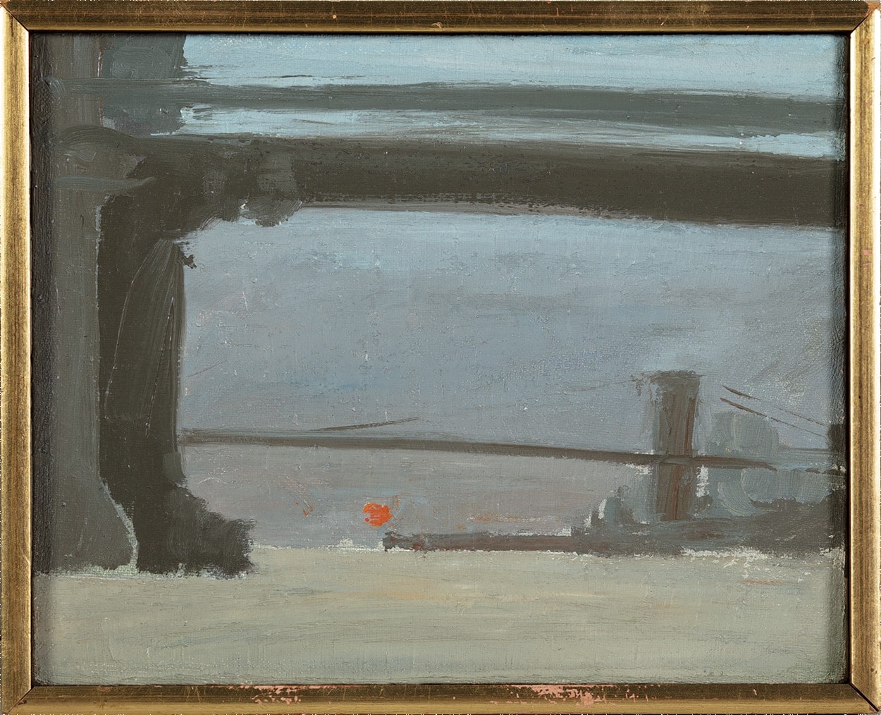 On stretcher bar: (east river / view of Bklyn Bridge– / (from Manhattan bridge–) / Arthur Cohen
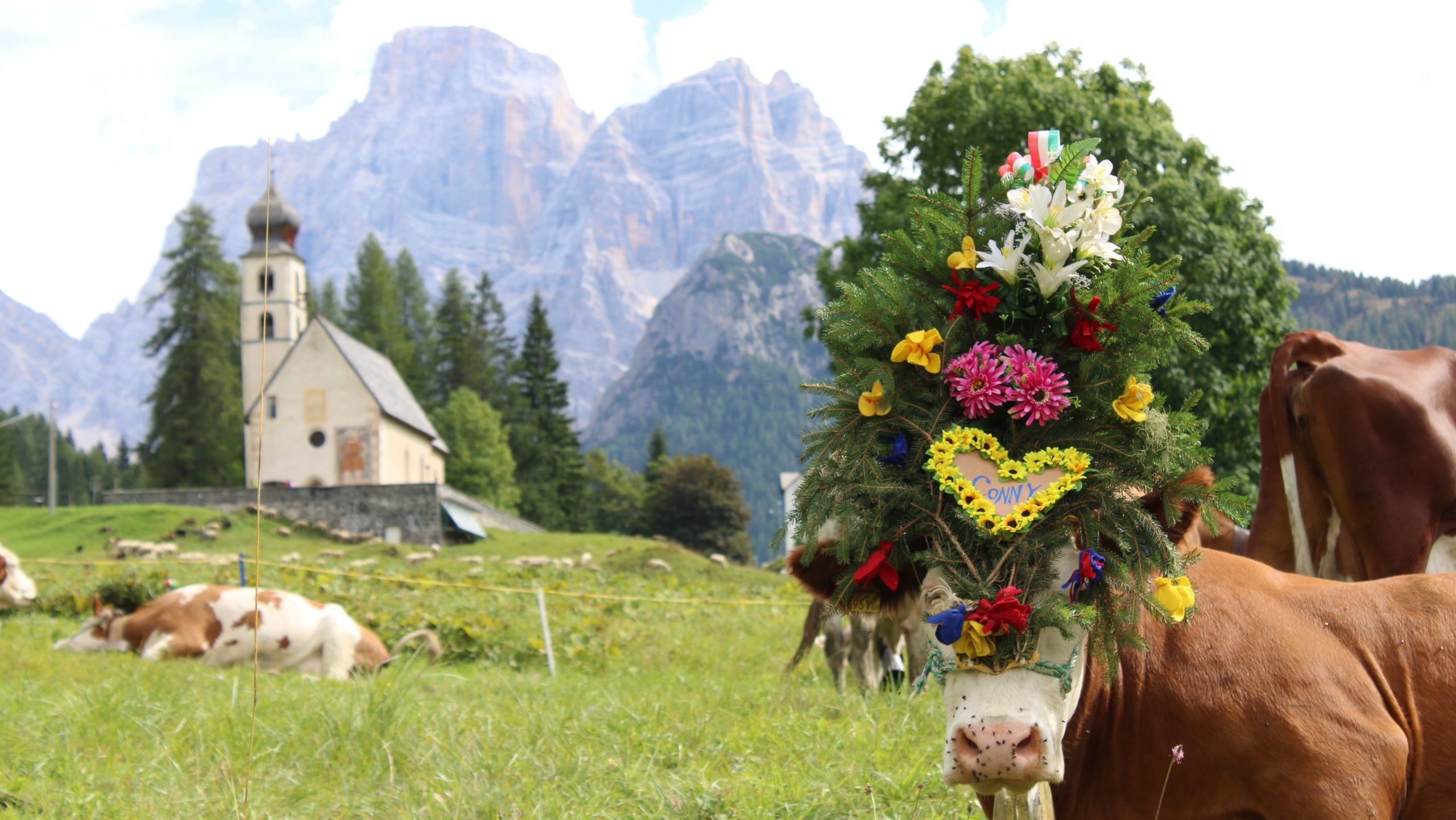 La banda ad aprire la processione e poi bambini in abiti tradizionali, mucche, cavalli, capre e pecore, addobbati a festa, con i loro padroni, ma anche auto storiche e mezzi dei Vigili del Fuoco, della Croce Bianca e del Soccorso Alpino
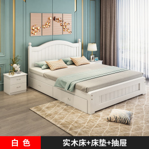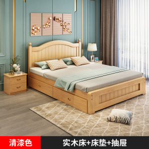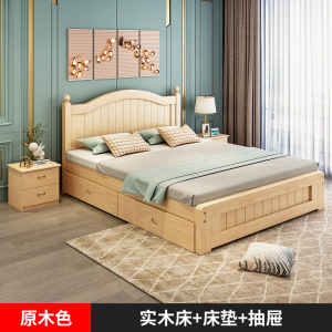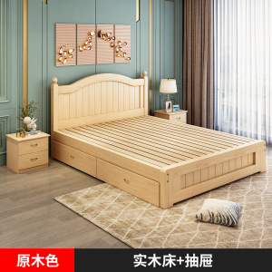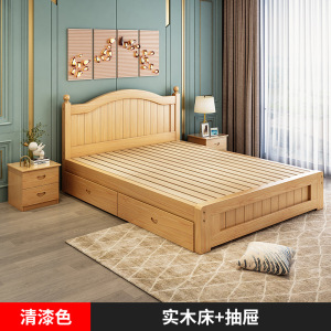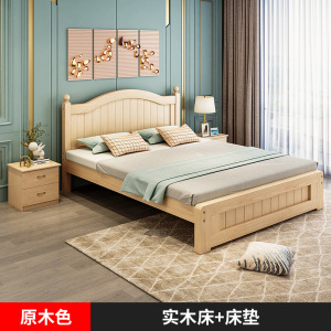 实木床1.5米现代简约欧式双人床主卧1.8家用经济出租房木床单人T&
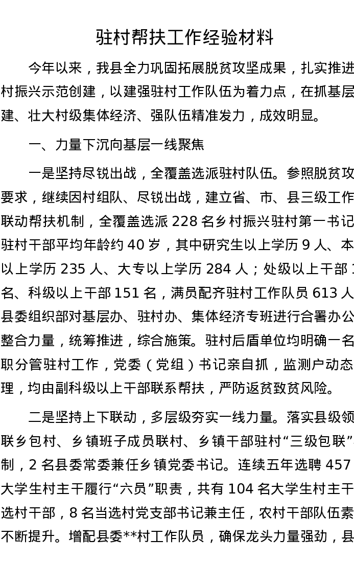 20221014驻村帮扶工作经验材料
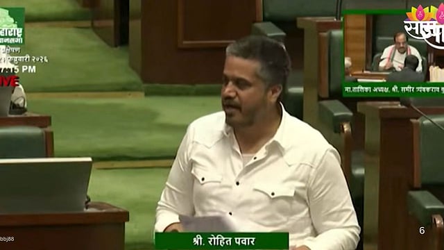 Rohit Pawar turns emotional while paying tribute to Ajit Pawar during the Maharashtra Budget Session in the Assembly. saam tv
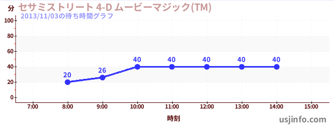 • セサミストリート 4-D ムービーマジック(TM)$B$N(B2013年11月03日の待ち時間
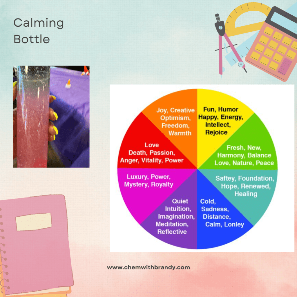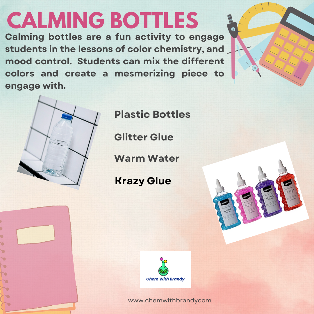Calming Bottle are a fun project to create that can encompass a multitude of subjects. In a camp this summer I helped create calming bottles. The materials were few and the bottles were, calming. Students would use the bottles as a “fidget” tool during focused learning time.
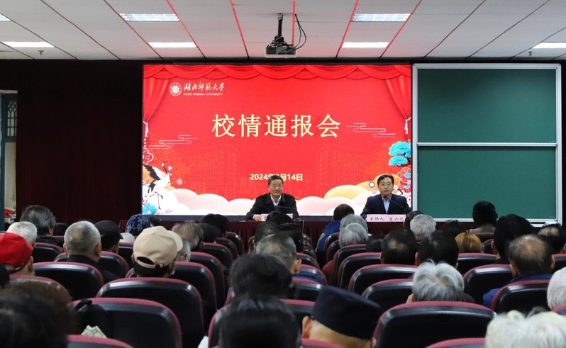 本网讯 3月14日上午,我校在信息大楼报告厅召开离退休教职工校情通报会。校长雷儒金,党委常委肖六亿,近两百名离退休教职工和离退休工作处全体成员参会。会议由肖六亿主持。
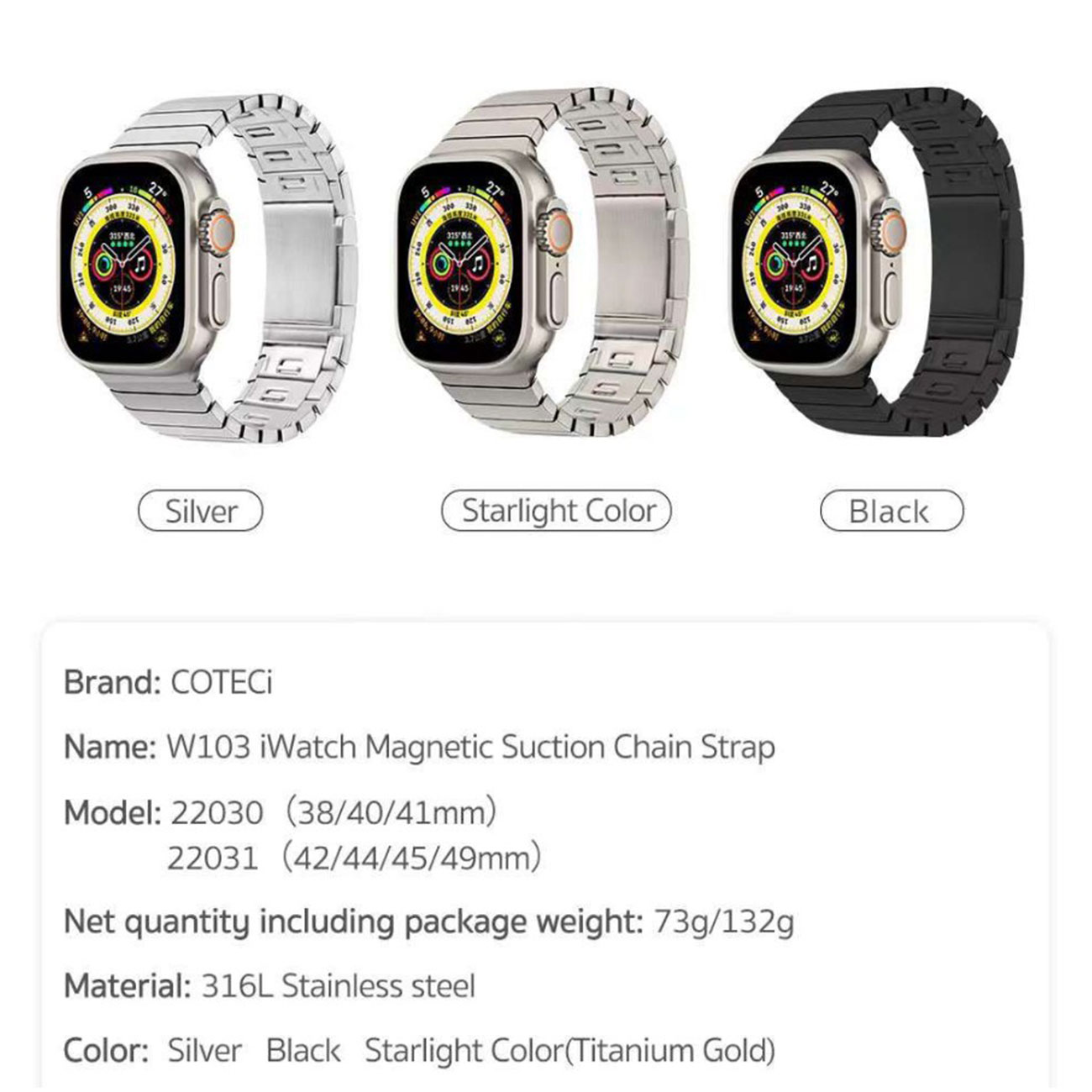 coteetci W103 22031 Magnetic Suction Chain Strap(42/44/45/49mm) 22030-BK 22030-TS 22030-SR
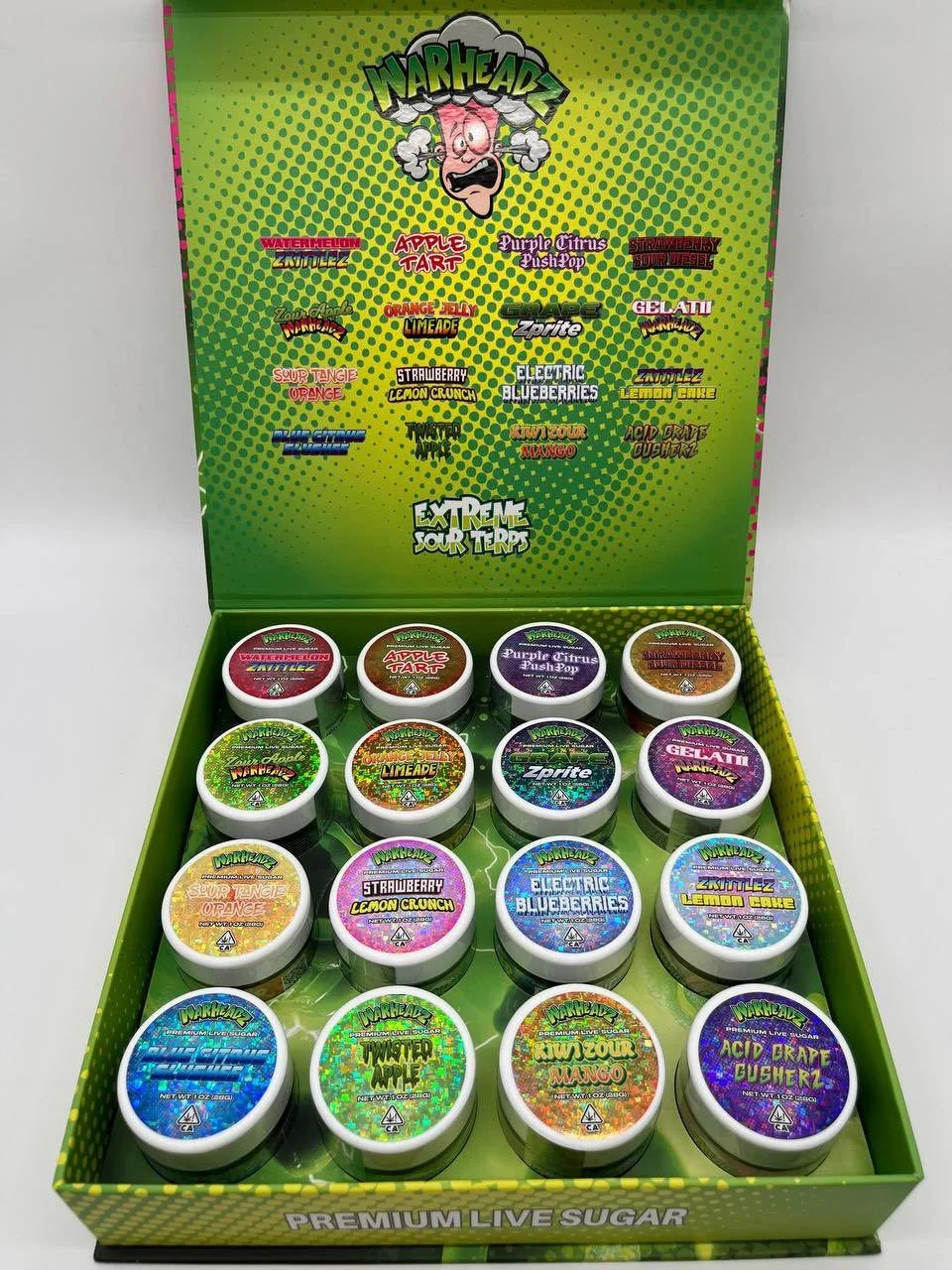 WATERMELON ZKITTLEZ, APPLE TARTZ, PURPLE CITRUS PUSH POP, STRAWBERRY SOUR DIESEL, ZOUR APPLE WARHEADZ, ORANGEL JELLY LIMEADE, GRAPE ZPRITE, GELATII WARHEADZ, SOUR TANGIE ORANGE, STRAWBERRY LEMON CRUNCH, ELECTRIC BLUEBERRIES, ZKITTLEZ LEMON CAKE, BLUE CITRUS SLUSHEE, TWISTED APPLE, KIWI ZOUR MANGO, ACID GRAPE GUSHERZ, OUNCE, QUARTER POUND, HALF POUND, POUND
-*-*-
What this task involves:
If a record holds a picture, drop the picture and return the rest of it exactly.

Solution to this problem:
 On stretcher bar: (east river / view of Bklyn Bridge– / (from Manhattan bridge–) / Arthur Cohen
 La banda ad aprire la processione e poi bambini in abiti tradizionali, mucche, cavalli, capre e pecore, addobbati a festa, con i loro padroni, ma anche auto storiche e mezzi dei Vigili del Fuoco, della Croce Bianca e del Soccorso Alpino
 实木床1.5米现代简约欧式双人床主卧1.8家用经济出租房木床单人T&
 20221014驻村帮扶工作经验材料
 Rohit Pawar turns emotional while paying tribute to Ajit Pawar during the Maharashtra Budget Session in the Assembly. saam tv
 • セサミストリート 4-D ムービーマジック(TM)$B$N(B2013年11月03日の待ち時間
Calming Bottle are a fun project to create that can encompass a multitude of subjects. In a camp this summer I helped create calming bottles. The materials were few and the bottles were, calming. Students would use the bottles as a “fidget” tool during focused learning time.
 本网讯 3月14日上午,我校在信息大楼报告厅召开离退休教职工校情通报会。校长雷儒金,党委常委肖六亿,近两百名离退休教职工和离退休工作处全体成员参会。会议由肖六亿主持。
 coteetci W103 22031 Magnetic Suction Chain Strap(42/44/45/49mm) 22030-BK 22030-TS 22030-SR
 WATERMELON ZKITTLEZ, APPLE TARTZ, PURPLE CITRUS PUSH POP, STRAWBERRY SOUR DIESEL, ZOUR APPLE WARHEADZ, ORANGEL JELLY LIMEADE, GRAPE ZPRITE, GELATII WARHEADZ, SOUR TANGIE ORANGE, STRAWBERRY LEMON CRUNCH, ELECTRIC BLUEBERRIES, ZKITTLEZ LEMON CAKE, BLUE CITRUS SLUSHEE, TWISTED APPLE, KIWI ZOUR MANGO, ACID GRAPE GUSHERZ, OUNCE, QUARTER POUND, HALF POUND, POUND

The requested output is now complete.